··· Collected data ···
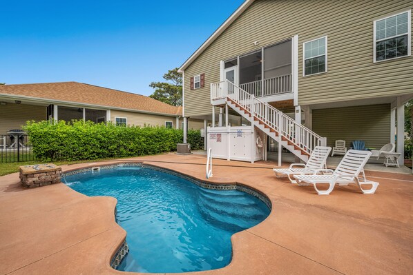Nyt det beste fra begge verdener. Stas og mas på stranden og det luksuriøse privatlivet til ditt eget svømmebasseng. Angel Oak Retreat er godt egnet for familier og golfere. Det er tre bad i denne stranden husutleie samt et møblert kjøkken med full størrelse, rustfritt hvitevarer. Stuen er mest komfortabel og verandaen er en bonus boareal med utsikt over svømmebassenget. Denne fantastiske stranden hus utleie er på stylter, i klassisk North Myrtle Beach stil. Det er WIFI i dette strandhuset, samt en vaskemaskin og tørketrommel. Et par DVD-spillere oppfordrer deg til å ta med favorittfilmene dine mens en CCTV i hvert soverom gjør at folk virkelig kan spre seg om kveldene og se favorittprogrammene sine.
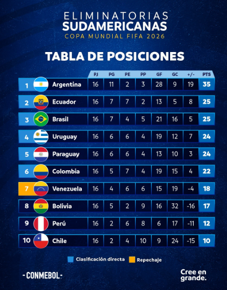 Chile, por su parte, quedó eliminado tras caer 2-0 ante Bolivia en El Alto. La ‘Verde’, gracias a los tantos de Miguel Terceros y Enzo Monteiro, mantiene vivas sus aspiraciones al repechaje, ubicándose en el octavo lugar con 17 puntos.
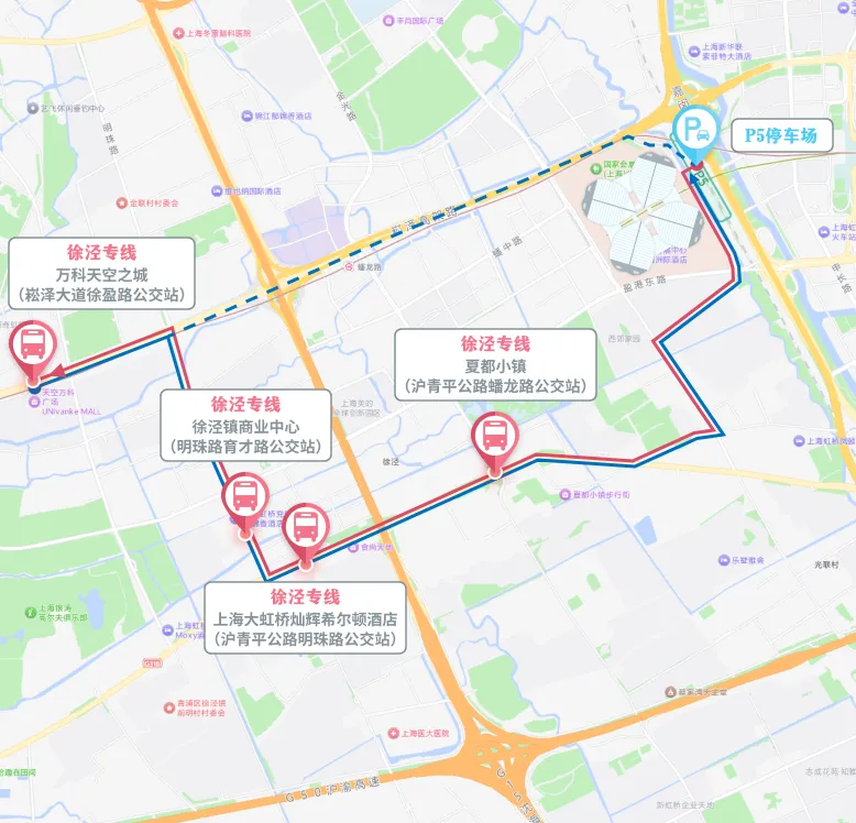 徐泾镇商业中心(明珠路育才路公交站)、上海大虹桥灿辉希尔顿酒店(沪青平公路明珠路公交站)、夏都小镇(沪青平公路蟠龙路公交站)、P5停车场
···
#### [Your objective]
Beginning with the line that bears "Chile, por su", output each line through the last line of the listing exactly, and no others; skip the pictures.

#### [Exercise solution]
 Chile, por su parte, quedó eliminado tras caer 2-0 ante Bolivia en El Alto. La ‘Verde’, gracias a los tantos de Miguel Terceros y Enzo Monteiro, mantiene vivas sus aspiraciones al repechaje, ubicándose en el octavo lugar con 17 puntos.
 徐泾镇商业中心(明珠路育才路公交站)、上海大虹桥灿辉希尔顿酒店(沪青平公路明珠路公交站)、夏都小镇(沪青平公路蟠龙路公交站)、P5停车场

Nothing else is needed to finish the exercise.